Mucho menos sutil, desde luego, es la forma en que el cineasta ampurdanés hace explícito en Entre dos aguas su posicionamiento político (y que nos recordó a algunos excesos de Murieron por encima de sus posibilidades): por un lado y en un aparente conversación casual en el coche entre Isra y sus hijas pequeñas, se habla de la cantidad de "leones" y "marcianos" pero, sobre todo, de "monos" que habitan en Barcelona, mientras la charla se alarga en ese sentido sin utilidad alguna en la narración; por el otro, se  inserta en el tramo final de una demorada secuencia en el que, sin ningún atisbo de ironía, se enfoca en contrapicado y de la forma más encomiástica la bandera española, mientras el rostro de Cheíto, henchido de honor y orgullo, llena el encuadre con la música militar de fondo. Sin que estos detalles invaliden en absoluto la valía de esta Concha de Oro, sí, por innecesarios y gratuitos en la trama y en el contexto de una obra de la significación política de la del autor de Las variaciones Marker merecen ser señalados. 

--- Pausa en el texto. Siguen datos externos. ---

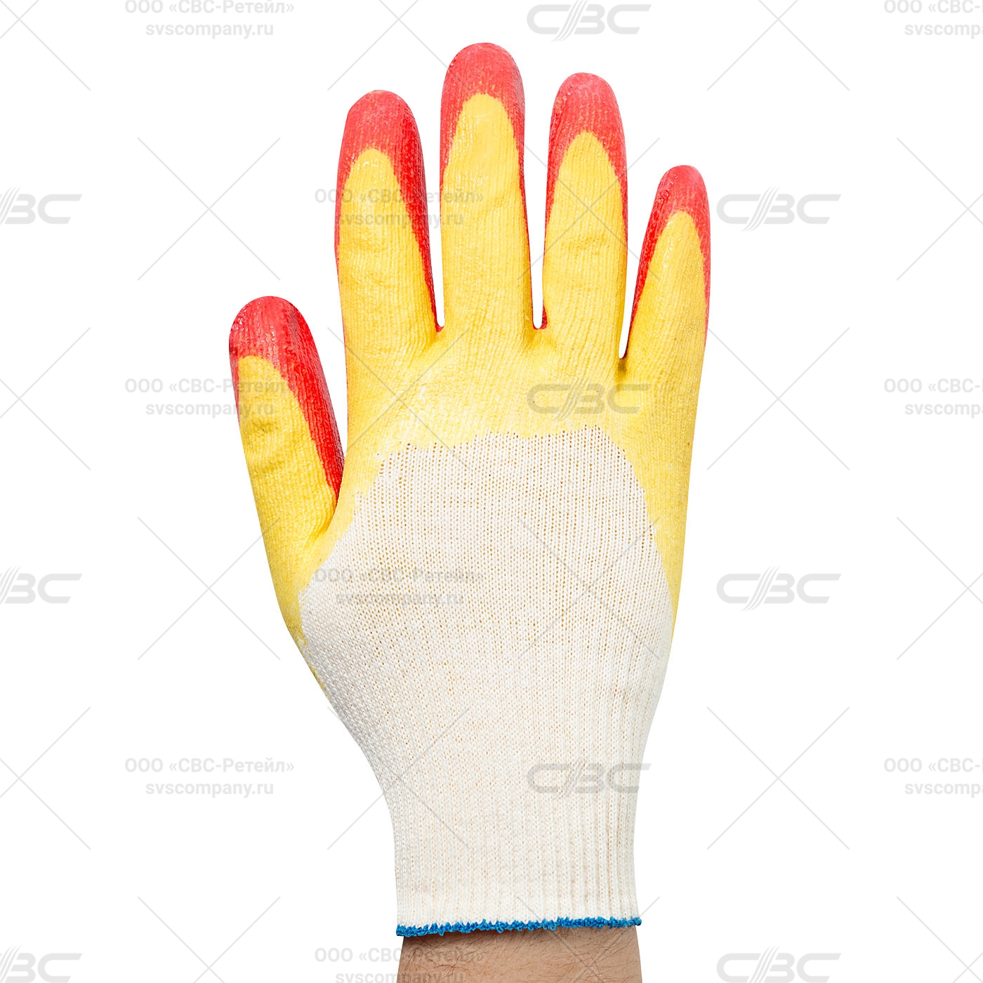 Универсальные перчатки из натурального хлопка с покрытием ¾ из натурального латекса, эталон на рынке обливных перчаток. Особенностью модели является покрытие ¾, за счет чего лучше защищается тыльная сторона руки. Латексное покрытие препятствует проникновению влаги и грязи, обеспечивает высокую износостойкость. Трикотажная х/б основа 13-го класса вязки. Покрытие ладони и части тыльной стороны двойным натуральным латексом

La melancolía que inevitablemente desprende Entre dos aguas es explicada por Lacuesta de esta manera: 
Ves cómo unos niños, que por definición en potencia pueden ser cualquier cosa, van concretando su camino. (...) Los de la primera película son personajes que están cambiando, y en ésta casi cuesta ver qué posibilidades les quedan. 
Otro cineasta presente en el festival, el japonés Mamoru Hosoda y hablando de su propia película Mirai pronunció estas palabras: 
Los niños son seres llenos de dinamismo que evolucionan a una velocidad de vértigo. Los adultos, por el contrario, aunque queramos cambiar apenas lo hacemos, somos bastante rígidos en ese sentido. Me gusta la idea de que mis películas puedan inspirar el deseo de cambio en los adultos tomando como referencia a los niños que aparecen en ellas. 
En este sentido, más allá del duro retrato de un país y de una época en el que las drogas están en primer plano, las personas clave en una vida desparecen (la mujer y la madre de Isra, presencias ausentes), la religiosidad fundamentalista, (filmada con respeto pero desnudada en su absurdo) se convierte en una opción inquietante y el futuro se va convirtiendo en un muro ciego, el espíritu de esta película acaba inundado de aquella sentencia memorable de Grupo salvaje, de Sam Peckinpah: 
Todos soñamos con volver a ser niños. Incluso los peores de nosotros. Quizá sobre todo los peores.